Gov't acknowledges need for job training
THE PROVINCE needs to do more to provide job skills for northwestern residents, acknowledges jobs minister Pat Bell.
He made the comment following the release of September jobless figures for the northwest which show the rate, while slightly improved from August’s 11.8 per cent and July’s 12.2 per cent remains in the double digits at 10.5 per cent.
Bell’s been promising for several months to get his officials to find out why, in the face of an improving regional economy, the jobless rate remains not only high, but the highest in the province.
He once suspected there might be anomalies or oddities in the way the jobless numbers, which are based on interviews conducted by Statistics Canada, are represented, noting the jobless percentage is based on a small sample size being taken in the region.
“While it is a big [jobless] number, we have to be a little cautious,” said Bell.
Jobless stats elsewhere are derived from places where the population is at least 50,000, he said. But he drew the line at sending in a team of people to travel the northwest to obtain a more reliable sample size.
Still, Bell said the regional jobless stats do provide indications of economic activity.
And he did key on a comparison which indicated there were 6,400 fewer people working in the region from September 2011 to September 2012.
“We need to do a better job,” Bell said of job training.
Elsewhere in B.C., Bell said he was satisfied with job creation and job activity, noting there was an increase in agriculture workers, hospitality industry workers and those employed in the field of international students.
“We had another reasonably good month,” said Bell of September.
The provincial jobless rate was 6.8 per cent in September, the same percentage as in August. Across the regions, the jobless rate for September was 5.9 per cent on Vancouver Island, 7.1 per cent on the Lower Mainland, 5.2 per cent in the Thompson-Okanagan, 8.8 per cent in the Kootenays, 8.2 per cent in the Cariboo and 4.4 per cent in the northeast.

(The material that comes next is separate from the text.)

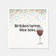 Glas av rött vin med födelsedagsfest konetti och roligt citat på vit bakgrund. Offerten kan redigeras. Bakgrunden till färg kan ändras.
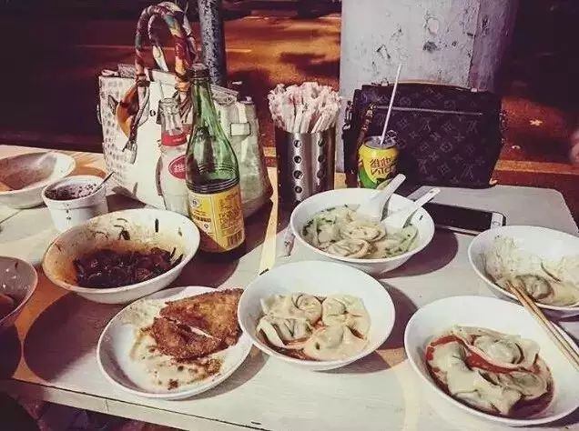乍一看,却只觉得,简陋,十分简陋,两三个木凳和桌子散立在路边,人多的时候,只好委屈食客们,端一碗馄饨,沿街半蹲。

The figures released each month are not those of people collecting Employment Insurance. They’re the product of Statistics Canada employees interviewing people over the age of 15 and those considering themselves part of the workforce are people with a job or who are looking for work.
People withdraw from the workforce for any number of reasons, not all of which are associated with having a job or not.
Across the country, employment increased for the second consecutive month in September, up 52,000, mainly in full-time work. The unemployment rate rose 0.1 percentage points to 7.4 per cent as more people sought work.